Christopher Brown is a gonzo cyberpunk writer who delves into the real-world story of Saddam Hussein's Frank Frazetta collection, but by day he's a high-powered lawyer who's worked in government and the private sector (it's the intersection of these two Browns that penned his outstanding, forthcoming debut novel, Tropic of Kansas, which you should pre-order right now).


In a new column, Brown uses Tropic of Kansas's corporate-presidency dystopia (an eerily prescient premise that predated Trump's bid for the presidency) as a springboard to look at the different roles that CEOs and presidents play, especially the outsider "organizational transformation" CEOs who swagger in with bold vision and leave behind ruin for the company, riches for themselves, and short-term gains for the investors who vaulted them into position.


CEOs rule over private realms where speech is not free, and the ideas of their subjects are the property of the sovereign. Their control over the things employees say and do extends outside the office, and even after the end of employment. In 21st century companies, those controls are commonly obtained through contracts originally designed by tech industry lawyers to protect ownership of the ideas that walk out the door every night inside employees' heads. Like the contracts the Trump campaign and the transition team made its people sign — confidentiality agreements requiring staffers to keep secrets, with non-compete clauses prohibiting work for other campaigns, non-solicitation clauses that bar poaching of personnel to work for other causes, and non-disparagement clauses where staffers agree to never say anything bad about the campaign, the candidate, or even his family. Contracts like these are often enforced through private arbitrations and confidential settlements, as with the Trump campaign's action last year to prevent a staffer from revealing embarrassing information to the press. Trump told the Washington Post that federal employees should sign similar agreements, and while it's not yet clear the extent to which he has done so, you can see that background working in his new war on leaks.

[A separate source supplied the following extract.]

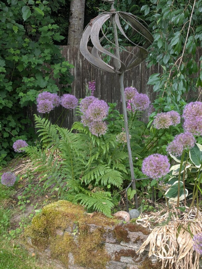 The flowers throughout the yard are beautiful and doing well. The peonies are just about finished up. The allium look gorgeous. And the sedum I planted in the fall from the neighbor are all doing well.

The charismatic CEO model is ascendant in our politics despite having been discredited on Wall Street. Management scholars like Harvard's Rakesh Khurana have cogently argued that, contrary to conventional wisdom, outsider CEOs pursuing "organizational transformation" tend to leave the enterprise crippled, while enriching themselves and resisting all limits on their power. Writing in the age of Enron, Khurana attributed the rise of "savior CEOs" to business trends that sound a lot like what led to November 8 — declining growth that caused experienced professional managers to be seen as self-interested elites and fueled a new investor populism that focused on grandiose visions of change, and helped hype the markets to a bubble from whose burst we have never really recovered. By installing a change agent CEO to run our government, we choose a type that is anti-democratic, and whose destructive impulses often yield predictably damaging results. Maybe that was part of the point in November —a retributive electoral choice by globalization's left-behinds against affluent urbanity.